To do: All pictures are to be omitted while the lines starting at the line with "This pack of" and ending at the line with "Le panneau de" in the material below are retyped exactly, both ends included.

Data supplied:
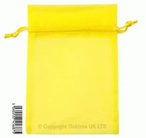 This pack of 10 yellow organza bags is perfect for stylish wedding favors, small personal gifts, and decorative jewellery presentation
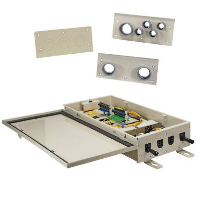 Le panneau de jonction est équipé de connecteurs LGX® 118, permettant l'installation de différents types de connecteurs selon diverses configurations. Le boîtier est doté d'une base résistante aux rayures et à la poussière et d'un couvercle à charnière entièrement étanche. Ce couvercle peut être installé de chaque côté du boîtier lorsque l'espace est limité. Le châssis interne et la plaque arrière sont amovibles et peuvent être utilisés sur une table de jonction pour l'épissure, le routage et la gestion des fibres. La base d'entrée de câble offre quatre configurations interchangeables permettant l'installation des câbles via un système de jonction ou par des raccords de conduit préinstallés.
...
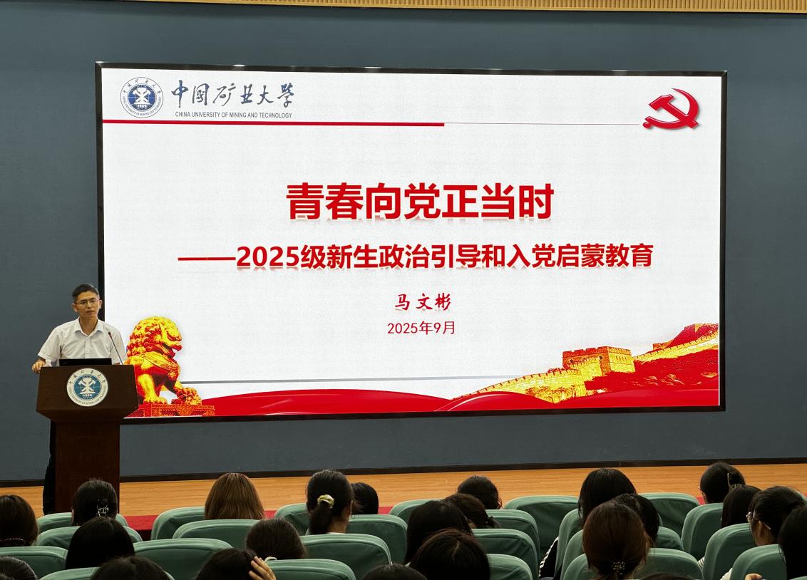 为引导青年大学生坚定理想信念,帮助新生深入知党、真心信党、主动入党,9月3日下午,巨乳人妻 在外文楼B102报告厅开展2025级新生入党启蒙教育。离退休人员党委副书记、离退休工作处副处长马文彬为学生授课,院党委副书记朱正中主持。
---
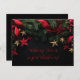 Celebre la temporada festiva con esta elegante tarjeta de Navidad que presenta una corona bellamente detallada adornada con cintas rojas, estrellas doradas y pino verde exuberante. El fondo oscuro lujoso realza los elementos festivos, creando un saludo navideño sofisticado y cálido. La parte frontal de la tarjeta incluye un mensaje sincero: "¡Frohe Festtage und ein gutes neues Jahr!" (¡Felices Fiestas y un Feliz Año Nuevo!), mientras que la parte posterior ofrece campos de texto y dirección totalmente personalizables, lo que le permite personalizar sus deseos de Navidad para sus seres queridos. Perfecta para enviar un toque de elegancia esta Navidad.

Solved problem:
 This pack of 10 yellow organza bags is perfect for stylish wedding favors, small personal gifts, and decorative jewellery presentation
 Le panneau de jonction est équipé de connecteurs LGX® 118, permettant l'installation de différents types de connecteurs selon diverses configurations. Le boîtier est doté d'une base résistante aux rayures et à la poussière et d'un couvercle à charnière entièrement étanche. Ce couvercle peut être installé de chaque côté du boîtier lorsque l'espace est limité. Le châssis interne et la plaque arrière sont amovibles et peuvent être utilisés sur une table de jonction pour l'épissure, le routage et la gestion des fibres. La base d'entrée de câble offre quatre configurations interchangeables permettant l'installation des câbles via un système de jonction ou par des raccords de conduit préinstallés.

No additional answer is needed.